Torino Express
Torino Express is a standing-room bar barely larger than an actual train compartment. The concept is Italian aperitivo culture distilled into the smallest possible space. The bar sits on Armenia Street and measures roughly 4 meters wide by 8 meters deep. A wooden counter runs the length of one wall, with shelves of Italian spirits behind it. There are no tables. There are no chairs. You stand, you drink, and you talk to whoever is standing next to you because there's no room to do anything else. The menu focuses on aperitivo classics: Negronis, Aperol Spritzes, Americanos, and a rotating list of seasonal cocktails. All drinks are well-made and consistent. Small Italian snacks (olives, chips, bruschetta) accompany drinks. The venue fills immediately on weekend evenings, with overflow crowds spilling onto the sidewalk. The sidewalk crowd often becomes the main event, with people holding drinks and blocking Armenia Street's narrow sidewalk in cheerful defiance of pedestrian flow. Torino Express opened before the explosion, survived it, rebuilt, and remains one of Mar Mikhael's most popular first stops.
What to Expect
A tiny room packed with people standing shoulder to shoulder, holding well-made cocktails. The bartender works fast in a space the size of a closet. Conversation is loud because the room amplifies everything. People outside lean against the building with Aperol Spritzes, watching Armenia Street's evening parade.

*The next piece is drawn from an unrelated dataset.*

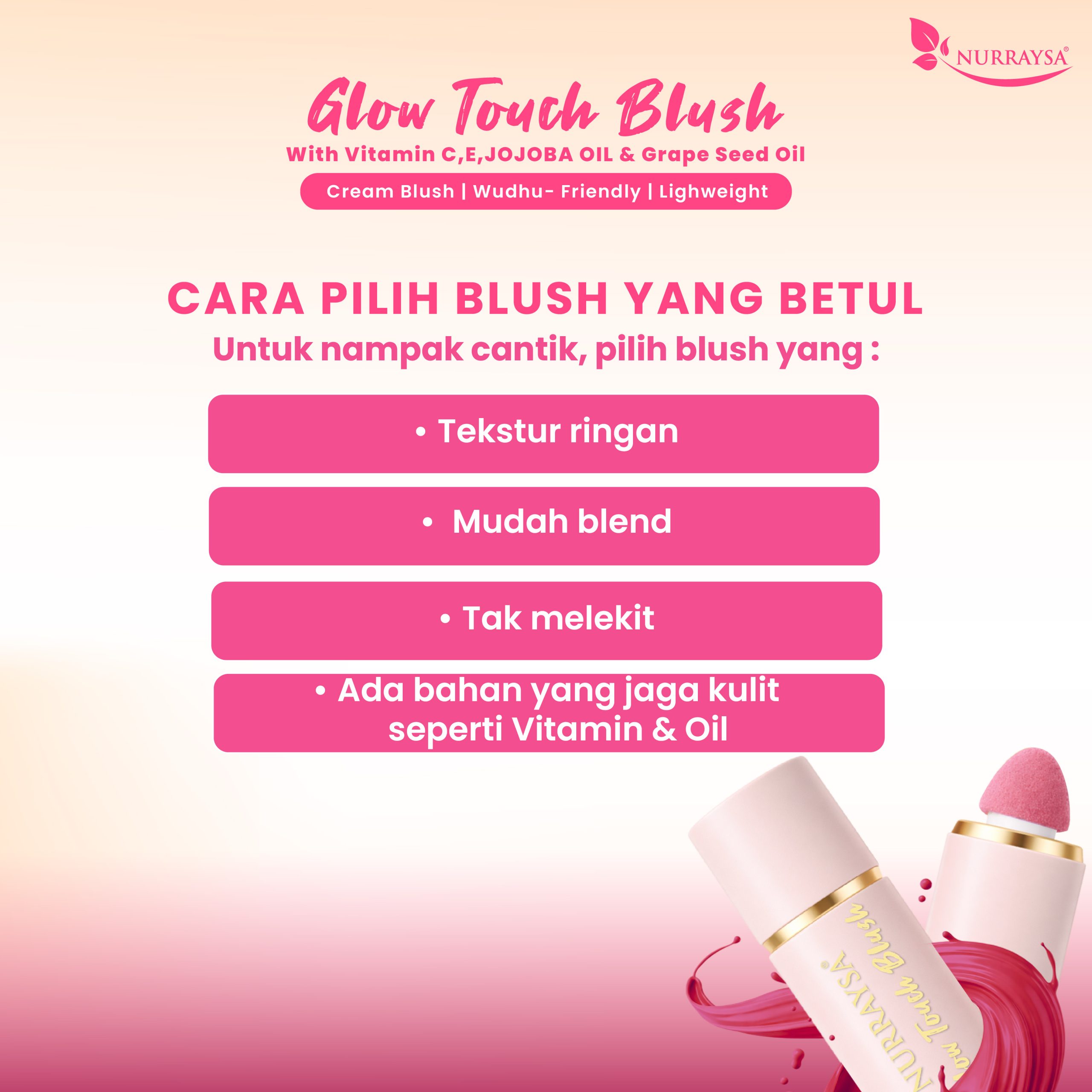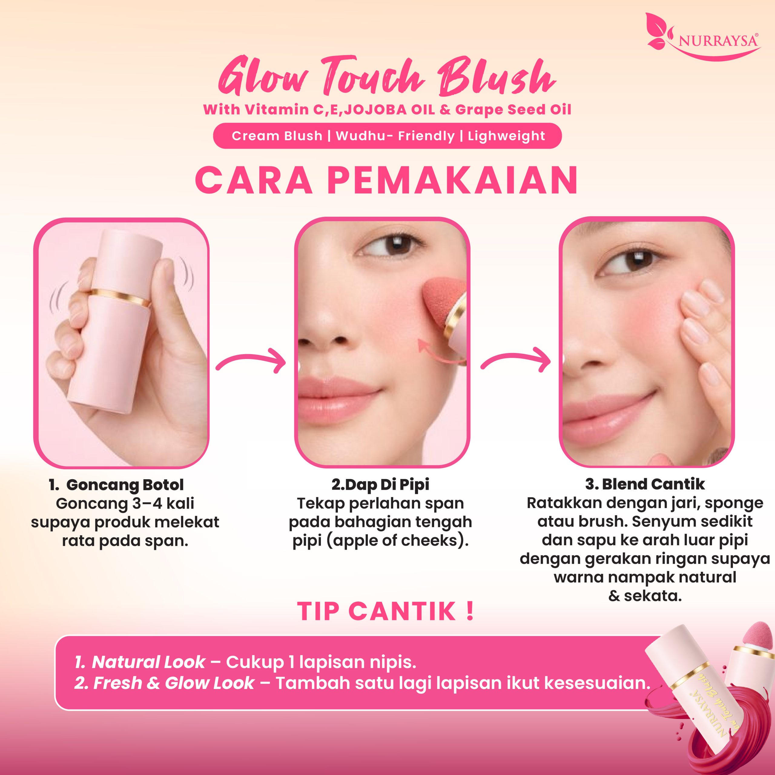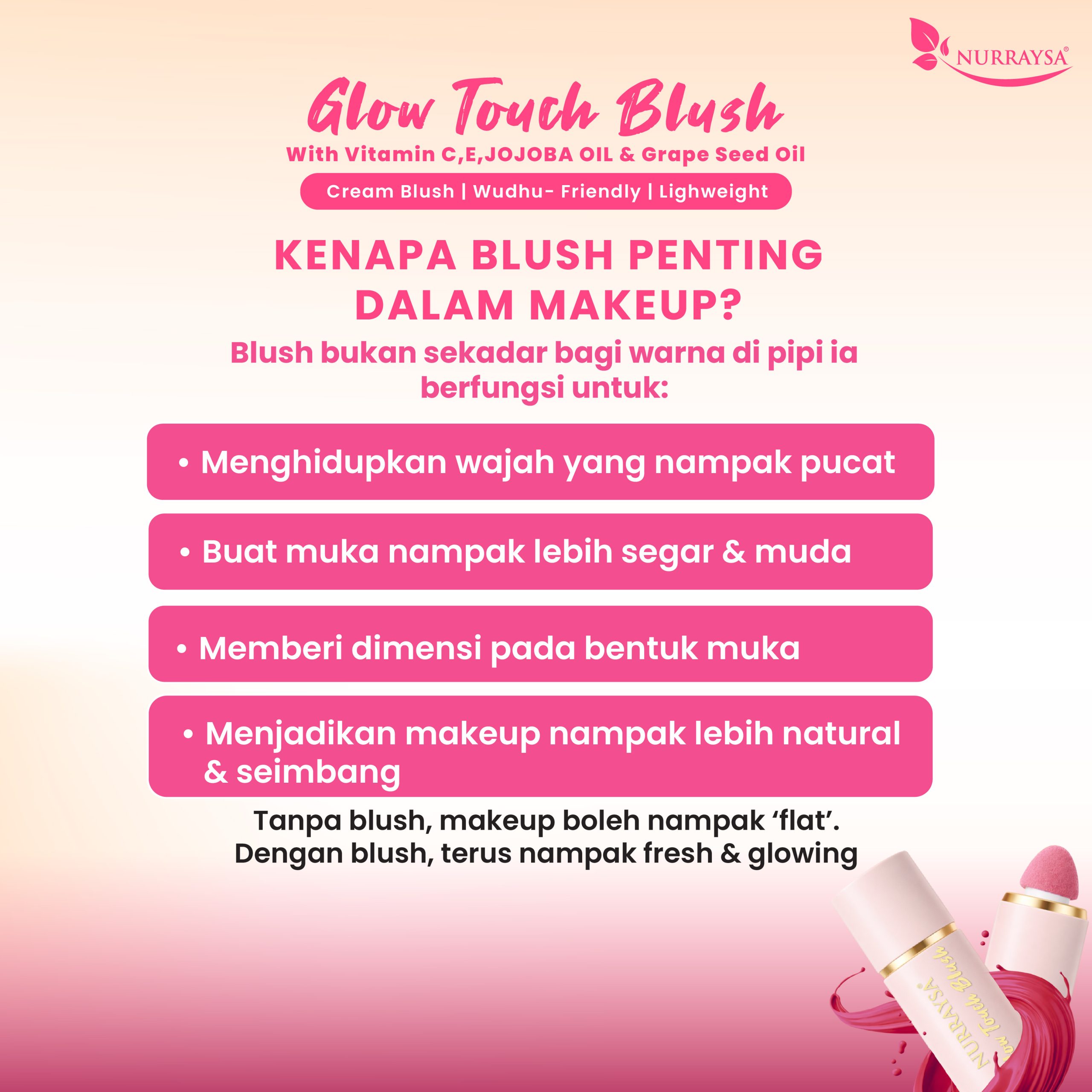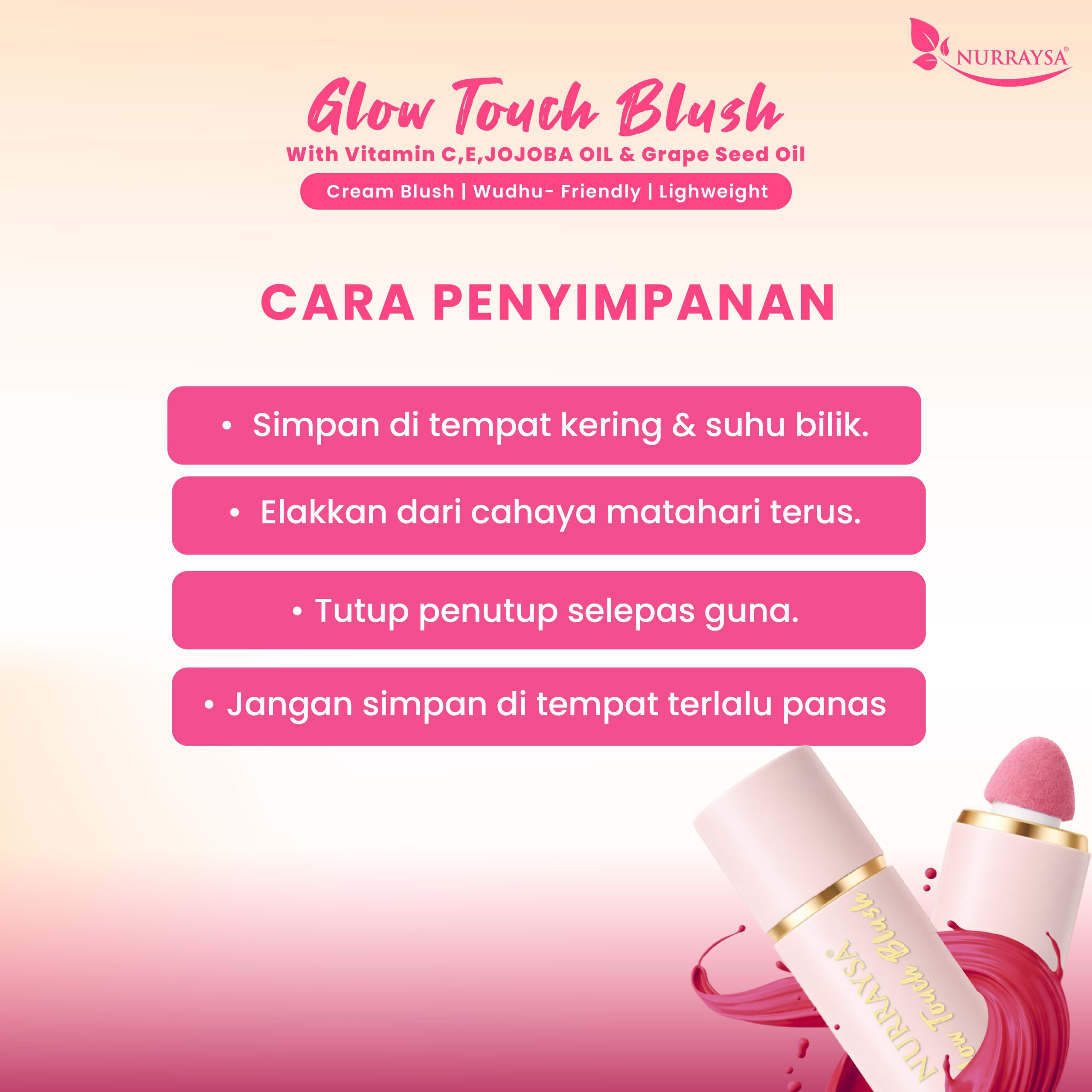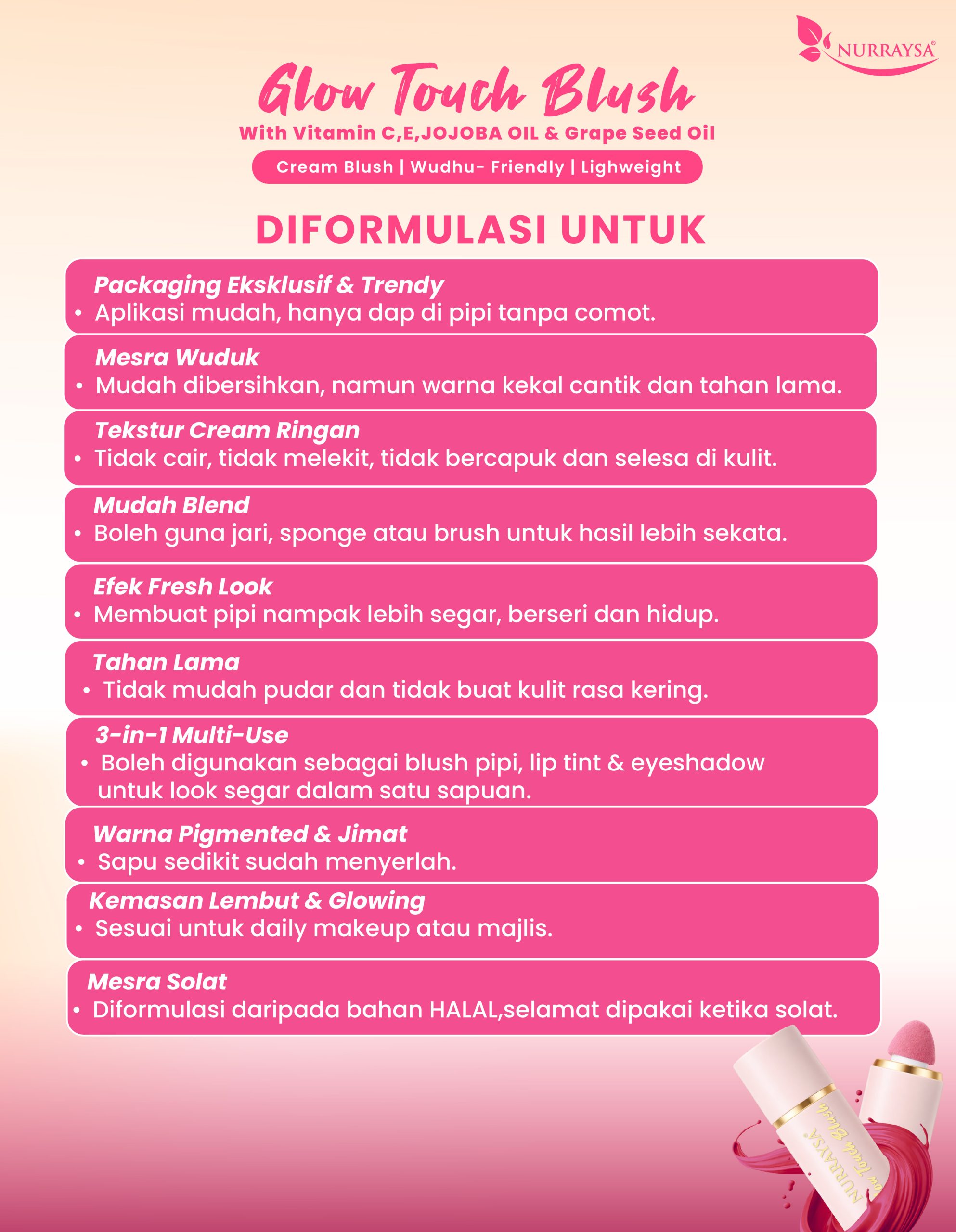 - Glow Touch Blush mempunyai Packaging Eksklusif & Trendy – Aplikasi mudah, hanya dap di pipi tanpa comot.

Energetic, social, and unapologetically cramped. The forced proximity creates conversation. Nobody stays a stranger for long.
Italian pop, jazz, and lounge. Barely audible over conversation on busy nights.

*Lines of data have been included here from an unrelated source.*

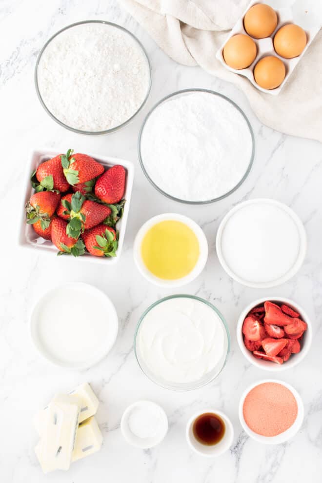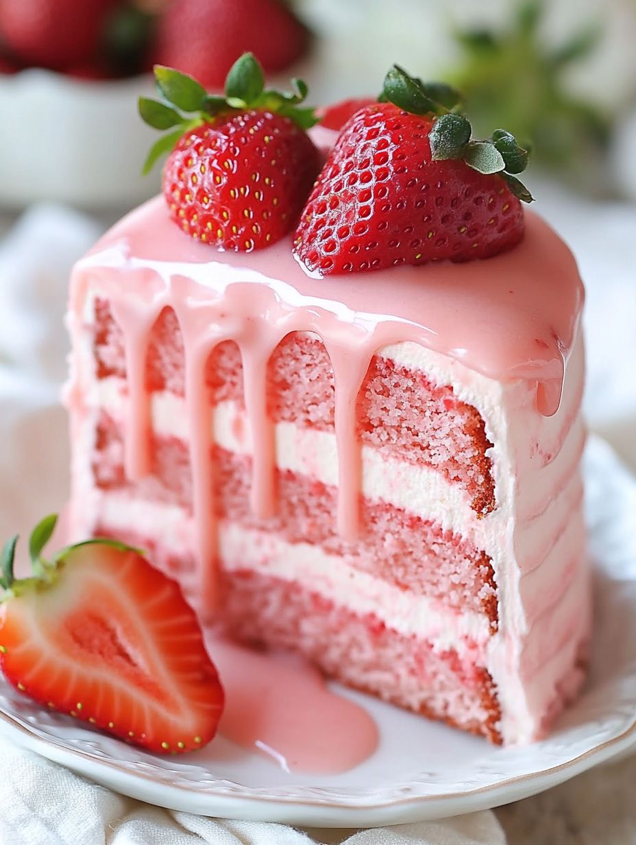 Topped with a creamy strawberry buttercream or whipped frosting, this cake delivers a burst of berry goodness in every bite.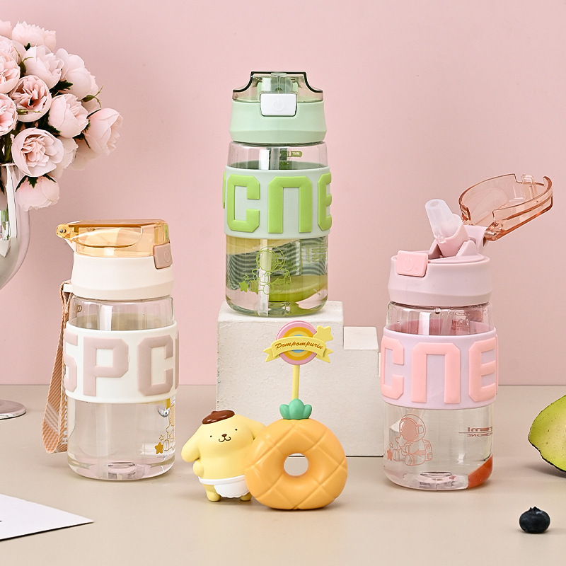 Tritan子供用コップ高颜値一杯三杯ストローコップ大容量携帯屋外斜めに学校のコップにまたがる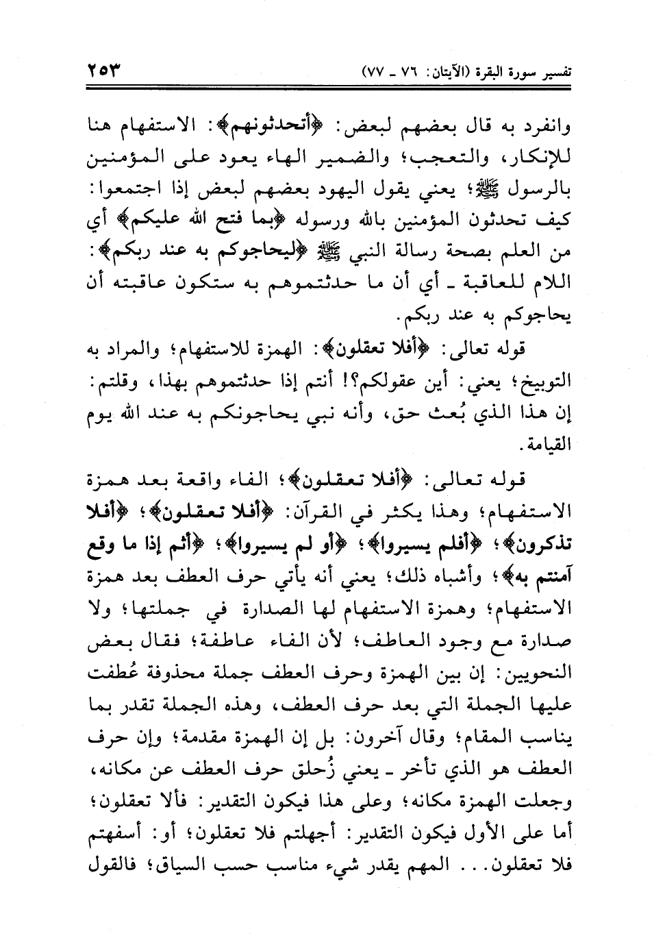 قوله تعالى: {أفلا تعقلون}؛ الفاء واقعة بعد همزة الاستفهام؛ وهذا يكثر في القرآن: {أفلا تعقلون}؛ {أفلا تذكرون}؛ {أفلم يسيروا}؛ {أو لم يسيروا}؛ {أثم إذا ما وقع آمنتم به}؛ وأشباه ذلك؛ يعني أنه يأتي حرف العطف بعد همزة الاستفهام؛ وهمزة الاستفهام لها الصدارة في جملتها؛ ولا صدارة مع وجود العاطف؛ لأن الفاء عاطفة؛ فقال بعض النحويين: إن بين الهمزة وحرف العطف جملة محذوفة عُطفت عليها الجملة التي بعد حرف العطف، وهذه الجملة تقدر بما يناسب المقام؛ وقال آخرون: بل إن الهمزة مقدمة؛ وإن حرف العطف هو الذي تأخر. يعني زُحلق حرف العطف عن مكانه، وجعلت الهمزة مكانه؛ وعلى هذا فيكون التقدير: فألا تعقلون؛ أما على الأول فيكون التقدير: أجهلتم فلا تعقلون؛ أو: أسفهتم فلا تعقلون ... المهم يقدر شيء مناسب حسب السياق؛ فالقول

Anything goes. The space is too small for pretension.
Pre-dinner drinks, the aperitivo ritual, social drinkers who enjoy standing-room energy, first stop on a Mar Mikhael crawl.
Cash (USD) strongly preferred. The space is too cramped for card machine logistics on busy nights.
Price Range
Cocktails $7-11, beer $5-7, Aperol Spritz $8, snacks $3-5
Cocktails ~EUR 6-10, beer ~EUR 4-6, Aperol Spritz ~EUR 7
Hours
Tue-Sun 5 PM to midnight. Closed Monday.
Insider Tip
Come at 6 PM for the true aperitivo experience when the light is golden and the crowd is thin. The Negroni is the benchmark drink here. The sidewalk is the best spot on warm evenings, not inside.
Full Review
Torino Express shouldn't work. It's too small, too crowded, and has no seating. But it's been one of Mar Mikhael's most popular venues for years because the concept is executed perfectly. The Italian aperitivo tradition is built around standing at a bar, drinking a pre-dinner cocktail, and talking. That's exactly what happens here.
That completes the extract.